Much has been written about Federer’s sterling tennis career—his 20 Grand Slam titles (a record prior to 2020), the litany of records he’s accumulated over the course of a 24-year career. But equal to, or perhaps greater than, his achievements on the court are the plaudits he’s enjoyed outside of tennis—in his charitable work, his business ventures and in his dealings with people. 

“His athletic dominance does not supersede his conviction, nor his commitment, to be kind, caring, compassionate, humble, and ever-inclusive,” Lebowitz says. “He … stands as both a blueprint, and a reminder for us all, for what non-toxic humanity is at its best.”

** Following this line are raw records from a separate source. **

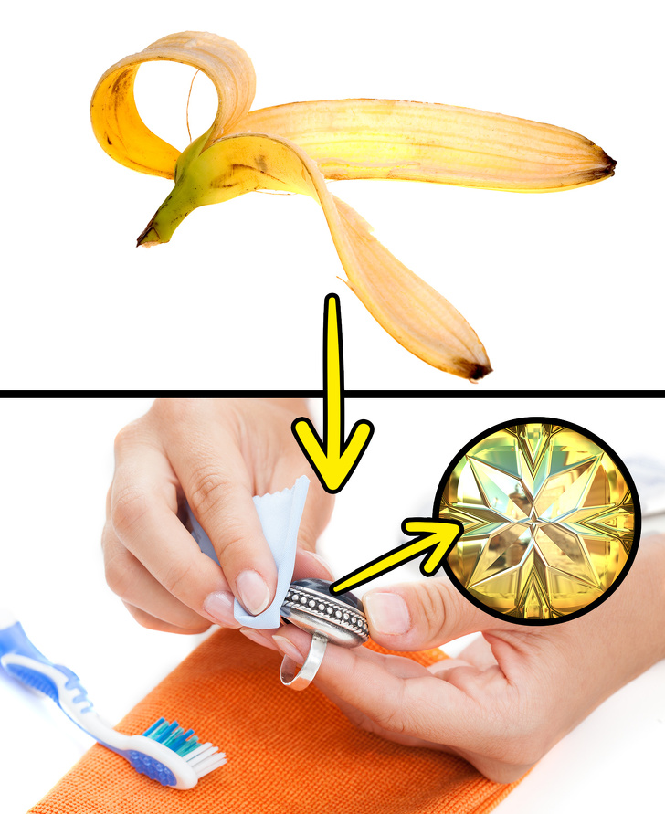 Βάλτε τις φλούδες σε ένα μπλέντερ. Προσθέστε μισή κούπα νερό και ανακατέψτε μέχρι να γίνει μία πάστα. Τρίψτε τα ασημικά σας με την πάστα για μερικά λεπτά.
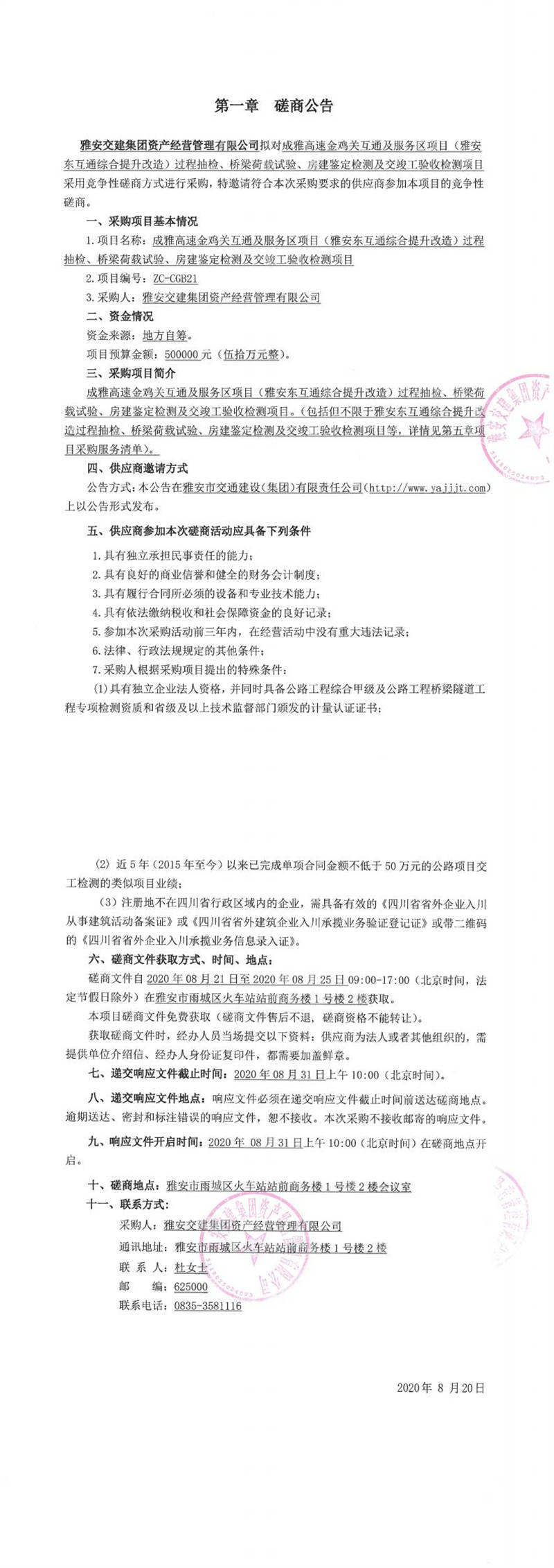雅安交建集團(tuán)資產(chǎn)經(jīng)營管理有限公司成雅高速金雞關(guān)互通及服務(wù)區(qū)項(xiàng)目(雅安東互通綜合提升改造)過程抽檢、橋梁荷載試驗(yàn)、房建鑒定檢測及交竣工驗(yàn)收檢測項(xiàng)目磋商公告
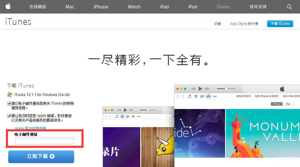 在下载iTunes介绍页面左侧,电子邮件地址栏目输入已经注册过的Apple ID,然后点击立即下载
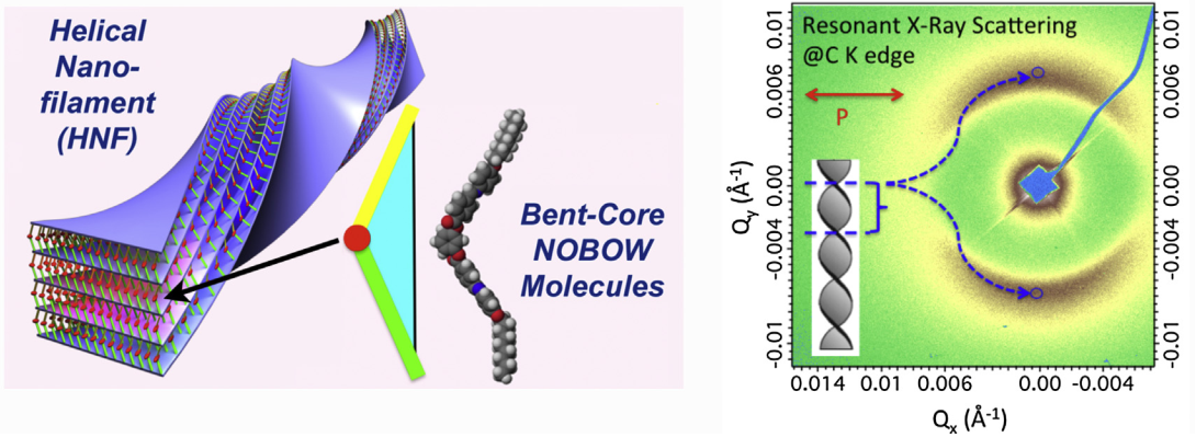 RSoXS技术凭借化学敏感性与偏振调控能力,为液晶螺旋结构的定量表征提供了突破性解决方案。一方面,通过将入射X射线能量调控至液晶分子特征元素(如碳K边284 eV、氧K边543 eV)的吸收边,可利用手性分子与非手性分子在近边精细结构(NEXAFS)上的光谱差异,增强螺旋结构与周围基质的散射对比度,精准定位螺旋区域;另一方面,结合线偏振软X射线,RSoXS可通过散射各向异性与分子跃迁偶极矩的相互作用,解析螺旋结构的取向信息(如螺旋轴方向),并基于散射峰的q值(散射矢量)定量计算螺旋螺距。
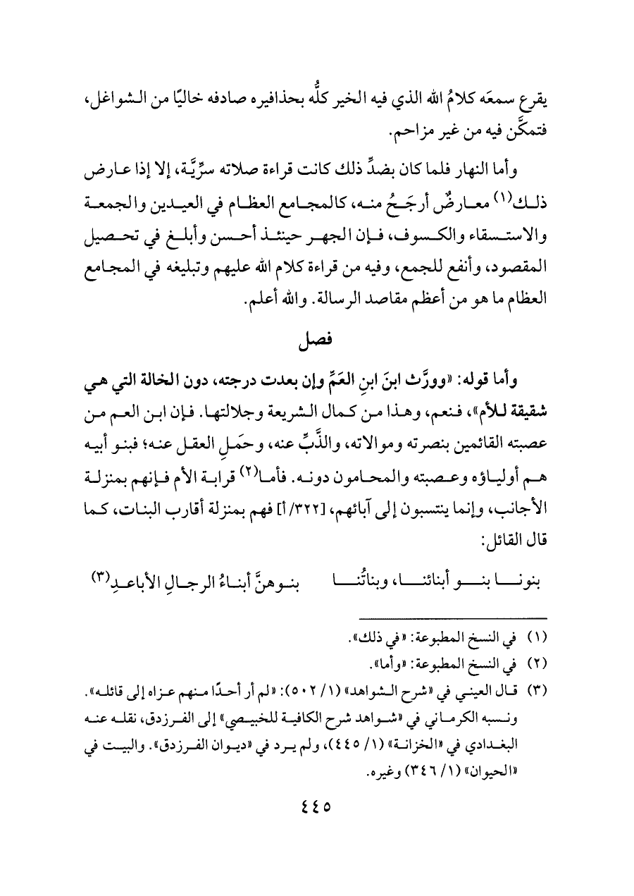 وأما قوله: «وورَّث ابنَ ابنِ العَمِّ وإن بعدت درجته، دون الخالة التي هي شقيقة للأم»، فنعم، وهذا من كمال الشريعة وجلالتها. فإن ابن العم من عصبته القائمين بنصرته وموالاته، والذَّبِّ عنه، وحَملِ العقل عنه؛ فبنو أبيه هم أولياؤه وعصبته والمحامون دونه. فأما (¬٢) قرابة الأم فإنهم بمنزلة الأجانب، وإنما ينتسبون إلى آبائهم، [٣٢٢/أ] فهم بمنزلة أقارب البنات، كما قال القائل:
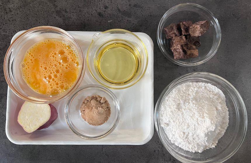 焼き色と嗜好性を高めるために、きび砂糖を入れていますが、気になるかたはいれなくてもOK。白い砂糖よりもきび砂糖の方がミネラルが多く含まれており、自然な甘さに仕上がります。
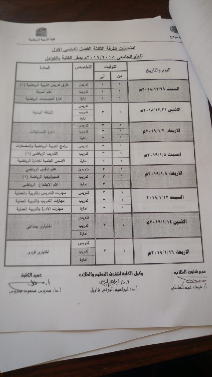 معيد - معيدة بكلية التربية الرياضية - قسم مناهج وطرق التدريس
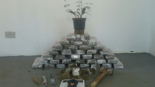 Policiais militares da 4ª Companhia Independente apreenderam 25,5 quilos de maconha na rua Ana Domingues Molina, no Residencial Tibagi, zona norte de Londrina, na manhã desta quarta-feira (21).

Federer in an interview with The New York Times, was asked about the photo with Nadal, whom he played 40 times over the course of his career, including over a dozen times at the semifinal or final stage at the Grand Slams. 

“I think at one point, I was sobbing so hard, and I don’t know, everything was going through my mind about how happy I am to actually experience this moment right there with everybody,” he said. “I guess at one point, just because obviously I couldn’t speak and the music was there, I guess I just touched him, and I guess it’s maybe a secret thank you.”

The pair began playing doubles at the tail-end of their careers during the Laver Cup, a team event co-created by Federer himself.